本当は、あの文章で思い出に変えようと思ってた。

だけど、貴方の最後の言葉。
世界は残酷だと思う
届いてしまったら、忘れられないじゃない……

私が欲しいのは、貴方の抱える闇だけ。
苦しいならせめてその痛みを分けて、その背に負う感情を共有させてほしかったの。
その為の闇ならきっと……染まるのも、幸せだと想えた。

私なんかが触れてはいけないのかも知れない。
哀しませておいて、こんな事を言う権利も無いのかも知れない。
愚かなのは認める。
だけど……これは私の賭け。
最後の言葉の真意を私が履き違えていないとすれば、──お願い。
もう一度だけでも、声が聴きたい。
2 闇黒
オレもいい加減うざってェ男だよな……お前の残り香を嗅ぎ付けては、こうして繋ぎ止めている。


お前の声を待つ沈黙から逃げ出した。…闇を逃げ道に選んでいたのは、オレ自身だ。


黒は闇の色。
全てを呑み込んで、溶かしてしまうのだと―――だからオレの眼に、お前を映し続けちゃいけないと、そんなどう仕様も無い事を考えては、途方に暮れた。
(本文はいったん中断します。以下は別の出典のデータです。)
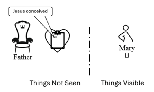 Remember how I said that the first step in the New Commandment is to receive the love? Before you can love one another, you must first receive love, the as I have loved you part. The angel asked Mary for permission: would she be willing to receive the love of God and conceive his Son? When she agreed, grace was planted in her in the realm of things not seen. Grace was found in her, in the sight of God.

それでも、日溜まりにも影が出来る様に…お前にも暗黒があるんだと識って、気付いて、それは…
オレにとって其の事実は、気が狂う程の後悔と歓喜だ。
認める事は何よりも楽で―――何よりも……悲しい。

失うモノなど何も無いと豪語しておけば、実際失っても痛く無いフリが出来た筈だったのに
一層深く、色濃く…艶やかに。

お前の髪をオレの保つ赫で染め上げてやりたい。
お前の保つ輝を、オレの黒で塗り潰してやりたい。


逃げ出す事も、見て見ぬフリをする事も、もう出来ない。


もし未だ、オレの声が届くなら――…お前がオレの闇を望むなら。

翡翠を奪い取りに行っても良いか?
3 薄紅
ごめん、責めるつもりじゃないの。
素直にね、嬉しかった。

貴方は気付いていないのかも知れない。
私は貴方から、例えようのない温もりを貰ってる。
闇を溶かすほどの暖かさ。貴方の持つ優しさよ。
でも、貴方が優しいからこそ…、私の事を考えてくれているという事実が胸に溢れるくらい嬉しくて、切なかった。

哀しいのは貴方が闇に呑まれてしまうこと。
その闇をこの手で生むなんて耐えられないと言ったら……困らせてしまうかな。

貴方は純粋な人だった。
その手で齎される赤も、黒も、同じで。
上手く言えないのがもどかしい……
私の心は、まだ貴方を忘れられずに欲してるの。
ねえ、その眼に私が映る事が、どんなに幸せな事か、分る。

――嘘を付いたわ。
貴方を愛する気持ちは今も確かに持っている。
好きでした、じゃ、ない。
今も愛してる。


私は貴方の決断を、ただ待っているから。
貴方にとって、幸せになれる道を、選んで。
4 闇黒
持ち得る優しさなんざ……オレには塵も無ェ。

悴む程この両手は冷たいってのに―――オレに何が溶かせる。
靄の様な斑模様を、一時浮かべるだけじゃないのか?靄もまた、広がる泥寧に呑み込まれちまうんじゃないか………ああ、こんなのは只の堂堂巡りだ。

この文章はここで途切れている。